Calculating Calorie Deficit

A calorie deficit occurs when we consume fewer calories than our body needs to maintain its current weight. To calculate our ideal calorie deficit, we must first know our total daily energy expenditure (TDE), which is the amount of calories we burn in a day, considering both physical activities and basal metabolism.

  • Step 1: Calculate your basal metabolic rate (BMR) using the Harris-Benedict or Mifflin-St Jeor formula, which considers your age, sex, weight, and height.
  • Step 2: Adjust your BMR according to your physical activity level to obtain your TBI.
  • Step 3: Establish a calorie deficit, which can be 500 to 1000 calories less than your GET to lose approximately 0.5 to 1 kg per week, always respecting a minimum calorie intake so as not to compromise your health.

Strategies to Maintain a Calorie Deficit

Achieving and maintaining a calorie deficit requires a balanced approach that combines mindful eating with regular physical activity.

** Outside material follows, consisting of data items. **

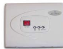
PowerZone Cleaning Systems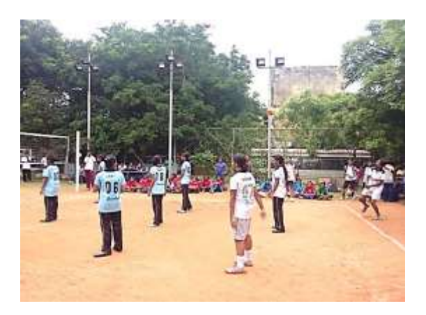
The following events were conducted for Girls in track and field events: Throw Ball,Kho – Kho,VolleyBall,Foot Ball Track & Field events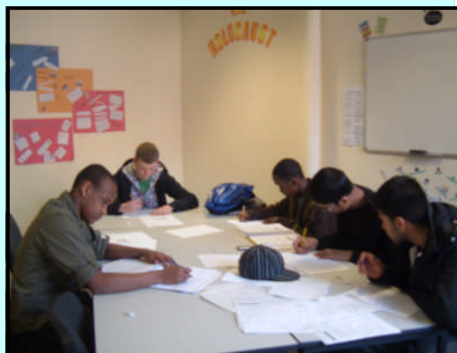
Second Chance Students Hard at Work

For more information call 0116 2614840 or email skomrska@apex-works.co.uk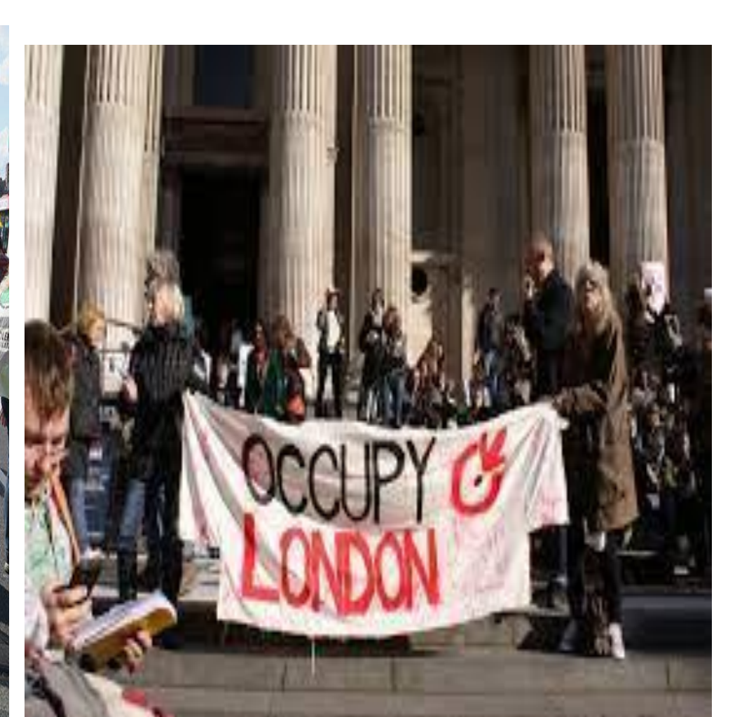
Figure 3. OCCUPY LONDON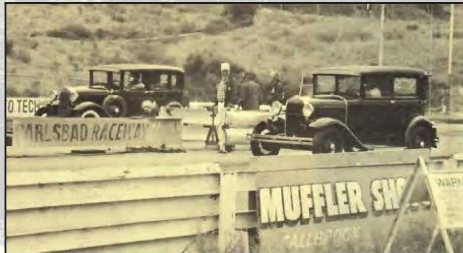
Antique Drag Racing - May, 1988

Upwards of 80 members come to OCMAFC monthly meetings.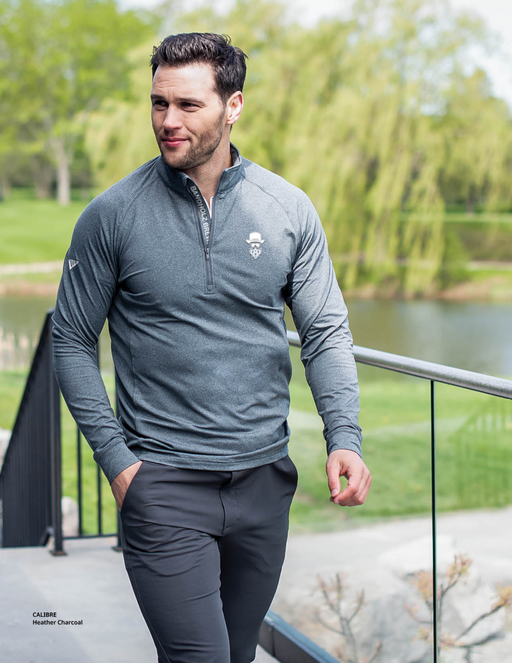
CALIBRE Heather Charcoal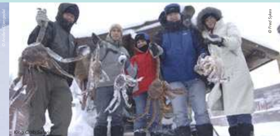
King Crab Safari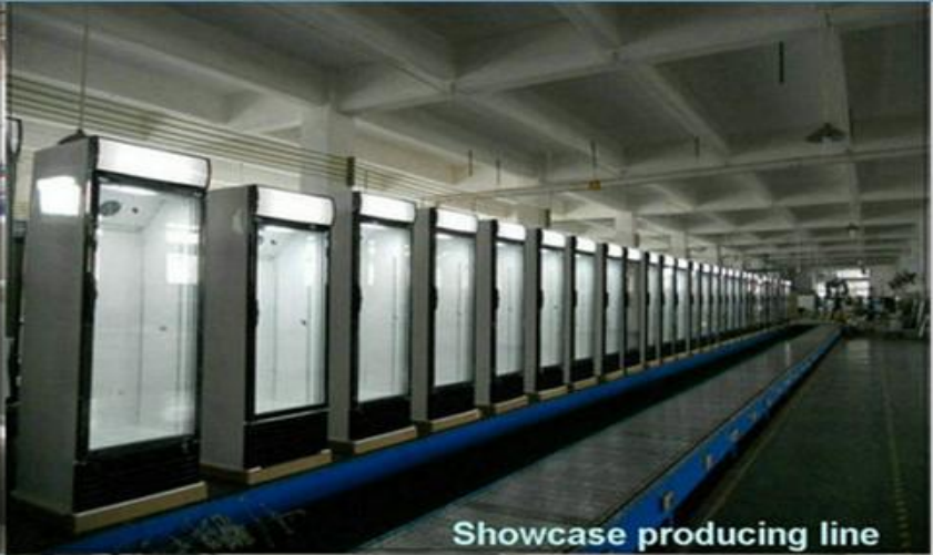
Showcase producing line

  • FeedingChoose nutrient-dense but low-calorie foods, such as fruits, vegetables, lean proteins, and whole grains. The idea is to feel satisfied on fewer calories.
  • Physical activityIncorporate both cardio and strength training into your routine. While cardio helps burn calories, strength training builds muscle, which can boost your metabolism.

Benefits and Precautions

Maintaining a moderate calorie deficit can offer substantial benefits for weight loss and overall health. However, it's crucial to adopt this approach in a healthy way.

  • Benefits: Sustainable weight loss, improved body composition, and potential reduction in the risk of chronic diseases.
  • PrecautionsAn excessive calorie deficit can lead to muscle loss, nutritional deficiencies, and a decreased metabolism. The key is moderation and balance.

Conclusion

A calorie deficit is a powerful tool for weight loss, but it must be implemented intelligently and sustainably. Listening to your body, choosing nutritious foods, and staying active are key pillars for achieving your weight goals in a healthy way. Remember, the goal isn't just to lose weight, but to improve your overall health and well-being in the process.

If you are considering making significant changes to your diet or exercise routine, it is advisable to consult a healthcare professional or nutritionist to ensure that your plans are appropriate and safe for you.The road to a healthy weight is a personal journey, but you don't have to do it alone. Let Oorenji be your companion on this journey to well-being. Download the app here and start transforming your life today. To explore the vast world of healthy recipes Oorenji has to offer, visit Oorenji Recipes.